Earlier this year I read about Karen Klein the school bus monitor. Maybe you remember it? I for one could never imagine speaking to a sixty-something year old woman the way those middle school children spoke to her. Nor would I think it was my business to tell news anchor Jennifer Livingston that she is unsuitable for her job because of her weight. I would be beyond mortified to be connected to such negative statements.
There have been so many memorable cases of bullying and its horrifying consequences this past couple of years. People are going to great lengths to make others miserable. Take Megan Meier. A schoolmate’s mother created a false MySpace account and pretended to be a boy interested in this young girl. In what universe is this okay? This thirteen year old girl then took her own life because this fictitious boy decided one day that the world would be better off without her. Whose world? Surely not the world that her parents or her friends live in.
I want to return to Livingston’s story and praise her for sticking up for herself. If someone commented about my weight in such a cruel manner, I may go home and cry, or yell or complain. Yet none of these behaviors are going to make me any skinner or stop the bullying. Instead, Livingston decided to speak out to the children and parents listening. She made the wonderful point of how bullying is a learned behavior. Parents calling someone fat only teaches their kids that this behavior is okay. Parenting is something we can’t take lightly. And it is to your benefit to be the best parent you can be… for all you know your kids will soon be calling you fat. And then how will you feel?

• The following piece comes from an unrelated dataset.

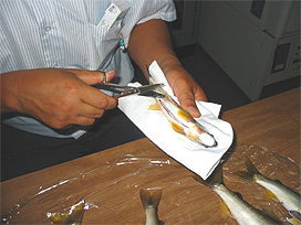 アユの測定作業

It seems people are finally trying to stand up to bullying, which is perhaps a reason why all of these stories I have mentioned are getting so much attention. Much more still needs to be done. This is an epidemic. It is lethal. Further steps need to be taken against bullying. Self-confidence needs to be promoted. People need to build each other up instead of gruesomely tearing them down. People need to be more accountable for their words. People need to learn about empathy at an earlier age. But more than this, we need to speak up about it and demand a change. As Jennifer Livingston said, “the cruel words of one are nothing compared to the shouts of many.”